В те древнейшие времена у человека было еще железное копье. Копье это могло ранить так же, как огонь. И при помощи этого железного копья человек мог выдержать какой угодно бой не только с человеческими существами, что и было уделом его в то время. И в том месте, где он жил, было в его распоряжении 7 деревьев. Каждое из этих деревьев имело 16 корней и 490 ветвей. И место это человек покинул. Он был низринут вниз. — Мои милые друзья, если сделать, что сделал без сомнения Сен-Мартен, т.е. требовать, чтобы это воззрение было сочтено за полную реальность, такую, например, на какую претендует геолог при построении своих прекрасных гипотез о древнейших эпохах, то такого человека современники сочтут, наверное, сумасшедшим. Если бы в этом еще начали искать какие-нибудь абстрактные аллегории или символы, то тогда бы еще немного примирились с этой историей. Но Сен-Мартен вовсе не подразумевал этого: для него это было действительностью, существовавшей изначально. И вполне естественно, что Сен-Мартен выбрал имагинации для известных фактов, существовавших тогда, когда еще Земля в своем начальном состоянии была духовнее, чем потом.
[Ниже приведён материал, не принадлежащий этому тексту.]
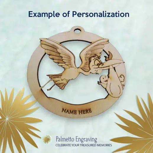 This beautifully engraved Stork and Baby Ornament is a heartwarming way to celebrate a new family member during the holiday season.

Но имагинации суть представления действительности; их нельзя объяснить символически, а нужно брать, как они есть, во всем их имагинативном содержании. Я привел это не для того, чтобы подробнее остановиться на этом, но для того, чтобы показать, как радикально отличался язык XVIII столетия, на котором написана книга, подобная «Ошибке и истине», от языка, признаваемого теперь за единственно правильный. Этот способ чтения, который еще можно найти у Сен-Мартена, сейчас действительно вымер.

Но так как читать, например Ветхий Завет, во всей глубине возможно только тогда, когда еще или опять владеют известными вещами, связанными с имагинативными представлениями, то понятно, что в XIX столетии в особенности утерялась возможность читать Ветхий Завет.
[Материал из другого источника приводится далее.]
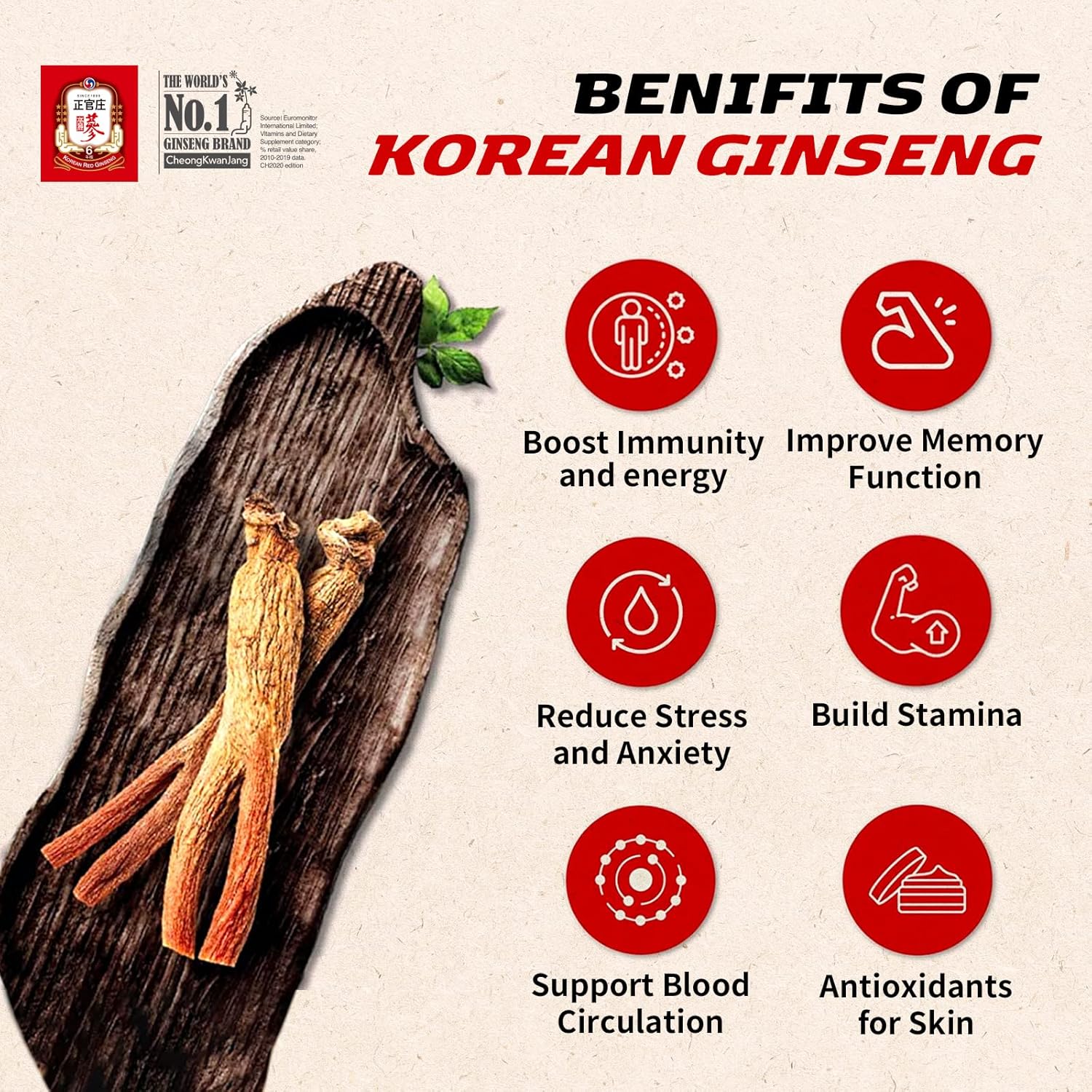 Quality control: Strictly select red ginseng raw materials according to CheongKwanJang standards, follow CheongKwanJang ‘s red ginseng manufacturing technology for more than 120 years, and undergo more than 290 internal tests before being finally produced!

Но чем дальше отступаешь назад, тем больше находишь, что фактически как раз в еврействе во время Мистерии Голгофы жило еще наряду с внешним Ветхим Заветом то, что можно назвать воззрением Мистерии, истинным воззрением Мистерии.

И это воззрение состояло во многом, и в том, что давало возможность читать правильным образом Ветхий Завет. Но читать его правильным образом возможно только тогда, когда в основу всех его положений кладется духовное. Отрицательнее всех относились, во времена Мистерии Голгофы, к этой особой окраске тайного еврейского учения римляне. И действительно, вряд ли существовало на всем протяжении развития Земли большее противоречие, чем между римскими воззрениями и охраняемыми палестинскими посвященными воззрениями Мистерий. Но это воззрение Мистерий, существующее в Палестине, нельзя брать просто, в его тогдашнем виде, ибо тогда не найдешь в нем христианства, а лишь пророческое провозвестие христианства. Но, с другой стороны, то, что живет в христианстве, понятно лишь тогда, когда его рассматривают на фоне, на историческом фоне существовавших в Палестине Мистерий. Но это учение Мистерий было полно тайн о пневматическом человеке, полно тем, что указывает человеческому познанию искать путь в духовный мир. Многое из того, что жило в этом тайном учении, жило, более или менее разветвляясь, в Греческих Мистериях. Но в Римских Мистериях жило от них весьма мало. Римлянам как раз вовсе не надо было основного нерва этих палестинских Мистерий. Они не нуждались в нем. Потому что в Римской среде развивалось сообщество людей совсем особого рода, которое могло существовать тогда, когда оно не думало о пневматическом человеке. В том-то и состоит тайна римской истории, что в ней было положено основание такому человеческому сообществу, из которого более или менее исключается пневматический человек. Здесь основывалось нечто, перед чем не имело никакого смысла говорить о человеке в его трехчленной сущности: как о теле, душе и духе. И чем дальше назад, тем более ясно, что древнейшее понимание Мистерии Голгофы основано именно на этом разделении всего человека на тело, душу, дух, как это встречается у Павла, говорящего о физическом человеке, духовном и душевном. Но именно это и должно было наиболее отталкивать римлян. В этом-то и кроется причина всего происшедшего в последнее время.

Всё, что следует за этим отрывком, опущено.